──────── Data shown ────────
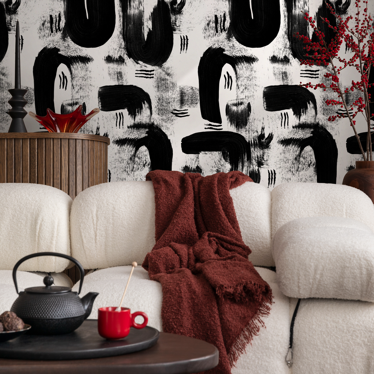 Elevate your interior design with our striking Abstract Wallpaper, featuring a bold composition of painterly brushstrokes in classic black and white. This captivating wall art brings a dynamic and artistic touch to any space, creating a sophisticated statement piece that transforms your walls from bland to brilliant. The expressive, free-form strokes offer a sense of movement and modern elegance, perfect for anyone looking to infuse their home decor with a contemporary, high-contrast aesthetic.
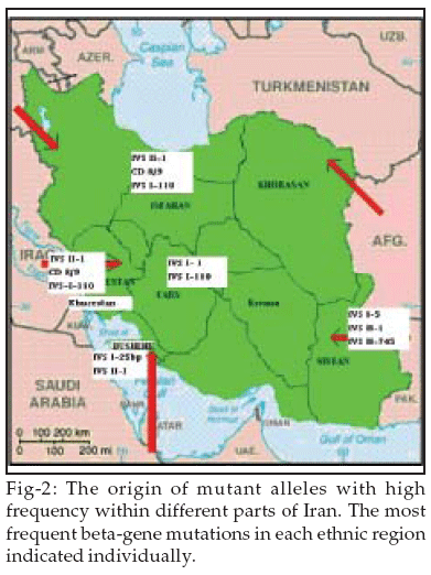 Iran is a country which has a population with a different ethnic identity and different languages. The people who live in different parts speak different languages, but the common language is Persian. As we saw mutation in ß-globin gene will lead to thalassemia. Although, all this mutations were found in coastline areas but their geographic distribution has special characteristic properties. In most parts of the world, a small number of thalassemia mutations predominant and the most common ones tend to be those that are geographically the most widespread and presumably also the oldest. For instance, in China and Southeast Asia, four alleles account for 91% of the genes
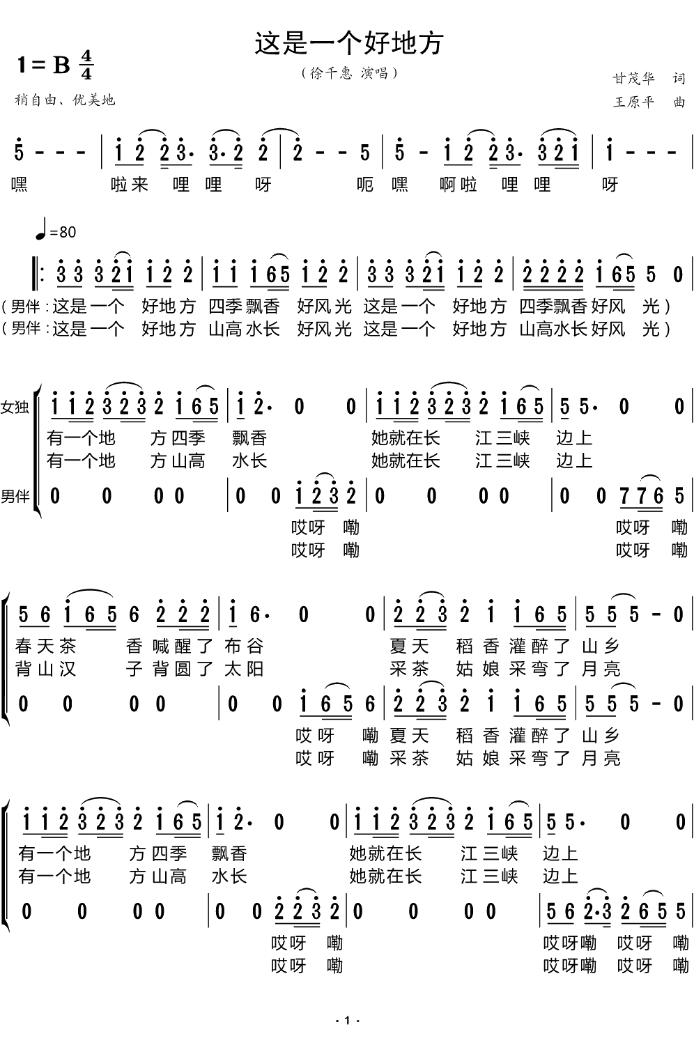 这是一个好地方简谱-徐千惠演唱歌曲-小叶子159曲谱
────────
──────── Data shown ────────
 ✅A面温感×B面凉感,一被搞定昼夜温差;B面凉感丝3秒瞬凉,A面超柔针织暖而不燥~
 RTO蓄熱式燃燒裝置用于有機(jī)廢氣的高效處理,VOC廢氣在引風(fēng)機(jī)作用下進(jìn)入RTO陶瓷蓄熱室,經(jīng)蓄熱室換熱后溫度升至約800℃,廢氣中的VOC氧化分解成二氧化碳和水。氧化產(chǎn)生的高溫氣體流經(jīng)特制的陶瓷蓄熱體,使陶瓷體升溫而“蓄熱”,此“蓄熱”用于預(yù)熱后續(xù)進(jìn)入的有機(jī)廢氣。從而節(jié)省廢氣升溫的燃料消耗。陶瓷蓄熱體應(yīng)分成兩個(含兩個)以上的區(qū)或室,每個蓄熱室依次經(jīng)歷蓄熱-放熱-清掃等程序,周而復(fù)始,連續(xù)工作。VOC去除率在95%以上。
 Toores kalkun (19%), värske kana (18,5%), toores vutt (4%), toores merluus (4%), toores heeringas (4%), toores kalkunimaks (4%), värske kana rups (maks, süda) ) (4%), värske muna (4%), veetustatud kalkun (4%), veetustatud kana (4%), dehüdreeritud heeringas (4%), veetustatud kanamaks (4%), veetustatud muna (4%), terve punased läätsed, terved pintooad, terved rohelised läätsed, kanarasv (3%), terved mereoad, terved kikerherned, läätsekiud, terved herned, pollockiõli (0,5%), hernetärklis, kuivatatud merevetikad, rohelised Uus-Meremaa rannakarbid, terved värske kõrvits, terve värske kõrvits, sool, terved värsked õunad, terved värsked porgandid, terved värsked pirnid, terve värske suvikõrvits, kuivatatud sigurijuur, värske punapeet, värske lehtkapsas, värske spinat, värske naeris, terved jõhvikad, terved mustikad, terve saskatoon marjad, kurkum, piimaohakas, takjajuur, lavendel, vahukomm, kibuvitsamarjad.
────────
- _Your assignment_
Transcribe each line of the data above, unaltered, from the one where "RTO蓄熱式燃燒裝置用于有機" appears to the one where "Toores kalkun (19%), värske" appears, inclusive of both.

- _Task output_
 RTO蓄熱式燃燒裝置用于有機(jī)廢氣的高效處理,VOC廢氣在引風(fēng)機(jī)作用下進(jìn)入RTO陶瓷蓄熱室,經(jīng)蓄熱室換熱后溫度升至約800℃,廢氣中的VOC氧化分解成二氧化碳和水。氧化產(chǎn)生的高溫氣體流經(jīng)特制的陶瓷蓄熱體,使陶瓷體升溫而“蓄熱”,此“蓄熱”用于預(yù)熱后續(xù)進(jìn)入的有機(jī)廢氣。從而節(jié)省廢氣升溫的燃料消耗。陶瓷蓄熱體應(yīng)分成兩個(含兩個)以上的區(qū)或室,每個蓄熱室依次經(jīng)歷蓄熱-放熱-清掃等程序,周而復(fù)始,連續(xù)工作。VOC去除率在95%以上。
 Toores kalkun (19%), värske kana (18,5%), toores vutt (4%), toores merluus (4%), toores heeringas (4%), toores kalkunimaks (4%), värske kana rups (maks, süda) ) (4%), värske muna (4%), veetustatud kalkun (4%), veetustatud kana (4%), dehüdreeritud heeringas (4%), veetustatud kanamaks (4%), veetustatud muna (4%), terve punased läätsed, terved pintooad, terved rohelised läätsed, kanarasv (3%), terved mereoad, terved kikerherned, läätsekiud, terved herned, pollockiõli (0,5%), hernetärklis, kuivatatud merevetikad, rohelised Uus-Meremaa rannakarbid, terved värske kõrvits, terve värske kõrvits, sool, terved värsked õunad, terved värsked porgandid, terved värsked pirnid, terve värske suvikõrvits, kuivatatud sigurijuur, värske punapeet, värske lehtkapsas, värske spinat, värske naeris, terved jõhvikad, terved mustikad, terve saskatoon marjad, kurkum, piimaohakas, takjajuur, lavendel, vahukomm, kibuvitsamarjad.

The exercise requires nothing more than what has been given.